Therefore, I suggest you use some existing parsing infrastructure. This is especially true if you want to parse C ++ source code, because simply coding the C ++ parser is a difficult task.

For example, you can use the GCC compiler or on LLVM / Clang . Keep in mind their open source license: GCC is under GPLv3, and Clang / LLVM is BSD-like. GCC is capable of handling not only C and C ++, but also Fortran, Go, Ada, Objective-C.

Because of the GCPv3 GCC license, your development over it should also be a free program under GPLv3. However, this also means that the GCC community is quite large. If you know Ocaml and are interested in only C static analysis, you can consider Frama-C (LGPL license)

Actually, I am working on GCC by providing the MELT extension (MELT is also licensed by GPLv3). MELT is a high-level domain language for extending GCC and should be an ideal choice for working in static analysis using the powerful structure and internal representations (Gimple, Tree, ...) of GCC.

(Of course, LLVM people would be happy to use their work, and no one knows both LLVM and GCC, because learning so much software is already a problem, so people should choose what they put their time into).

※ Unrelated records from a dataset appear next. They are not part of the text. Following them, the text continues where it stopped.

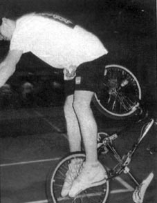 | 1989 | The '89 AFA Masters in Boise, Idaho was the first national event I won, and I'd pay money to have video of me beating Trevor Meyer. After I thrashed a perfectly good pair of Peregrine bars learning Hitchikers when they came out in 1989, I developed something I've seen some newschoolers using even today. I threw some Profile Sealed BB Bearings onto some Jive Handle bar-ends and problem was solved. Nowadays I've got the alloy ends like everyone else. Good way to learn how to do the trick, or save your bars from the occasional stop-and-grind. Got the idea from Bill Neuman, but he used smaller wheel sealed bearings that you couldn't put much weight on or else they'd pop out. In 1989, all the 'old pros' left the scene... except DMC. As far as I'm concerned, he was so cool it more than made up for that. After I won Idaho and Minnesota Masters he started sending me free 'On Edge Apparel' garb. Stickers, Hats, tanks and T's that I still have today with his letters thanking ME for helping HIM! I was honoured, to say the least. He was really a laugh-riot, too. He was unsponsored in '89 and really mingled well with everybody, including all the 'new' pros like Danny Meng, Bill Neuman, and Perry Mervar. He never held 'who he was' over anybody, if he ever even realized he could have at all. I remember after the California comp, a lot of guys were asking him to buy booze (not me, of course) so they could celebrate/drink away sorrows, and he proceeded to refuse and lecture them on the perils of alcohol. I thought that was classy. I used to do the occasional rolaid, but I couldn't stop from it becoming a bunnyhop rolaid where my rear wheel caught about 3 inches of air. People thought it was some new innovation. I kinda stopped doing them when I forgot my routine once and decided to throw one in for the hell of it, without really polishing up on it--the result was ugly. Luckily it was just a local comp. The gliding caboose pic was taken at a King of the Flatland comp in late '89. The truth of the matter is that Kevin Jones stayed over my place in early '90 and picked that up from me. It, along with two other good tricks (backwards megaspin into a backwards decade) that ended up in the next Dorkin' vid (#4?). I also showed him an editing technique that got honorable mention in FREESTYLIN'. I'm not complaining, as a LOT of the tricks I was doing were his brainchildren. I was flattered, actually. I was a bit miffed he made off with my Flight 401 wrenches and that porno tape, though. Honestly. lol. 1st place 17x experts @ AFA Masters Final in Fountain Valley, CA November '89 I won 17x. It was one of the highlights of my "career" (Day Smith got second). It was bittersweet because they failed to put my entire class in the results, and I felt proud about being an East-coaster from snowy Connecticut and winning the finals in LA. That night about 12 of us packed into Perry's mini-van; Bill Nitscke, Neuman, McCoy, Meng, Steve Mulder, Me and God knows who else. We went to this fancy LA eatery and Dennis introduced me to Fajitas and Soapapillas (sp?). We collectively decided to do a dine-n-dash, and got busted by the cops a few miles down the road...it was awkward to say the least...everyone looking at eachother and pulling crumpled dollar bills out of their socks and trying not to laugh while counting loose change in the console until we coughed up enough for the bill. |
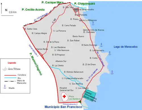 San Trino, El Poniente, Pravia, Cerro Pelado, Santa Clara, Campo Alegre, Día de la Raza, Las Banderas, El Progreso, Chocolate, Barrio Nuevo, San Rafael, Danilo Anderson, Santo Domingo, La Ranchería, Corito, 23 de Enero, La Chinita, Rómulo Betancourt, Ricardo Aguirre.
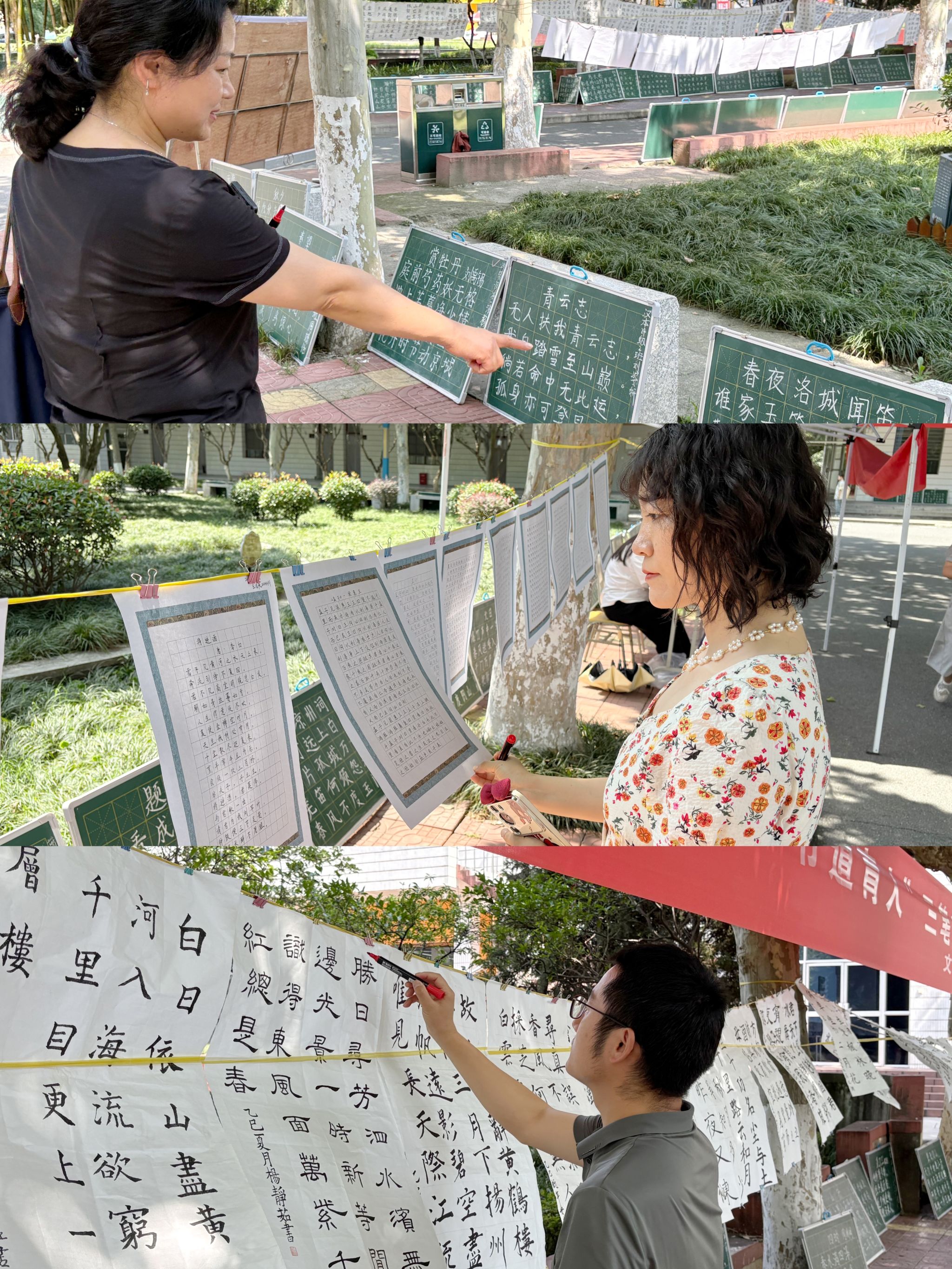 本次活动集中展示了太阳集团tcy87222024级员工在硬笔、毛笔、粉笔三大类书写技能上的训练成果,前期共收到参展作品313幅,经预选后在江南校区2号楼前林荫道两侧现场展示233幅,作品内容涵盖经典诗词、励志名句与传统家训,整体结构工整,布局清晰得当,风格多样,展示了师范生扎实的基本功。

So my suggestion is to join in with the existing static analysis or compiler efforts , not reinvent the wheel starting from scratch (because it means years of effort, just to have a good parser).

This way, you will take advantage of the existing infrastructure (so that you will not worry about AST and parsing), and you will improve some existing project.

I would be very happy if you are interested in MELT. FWIW, there is a MELT textbook in Paris, January 24 th 2012, HiPEAC conference .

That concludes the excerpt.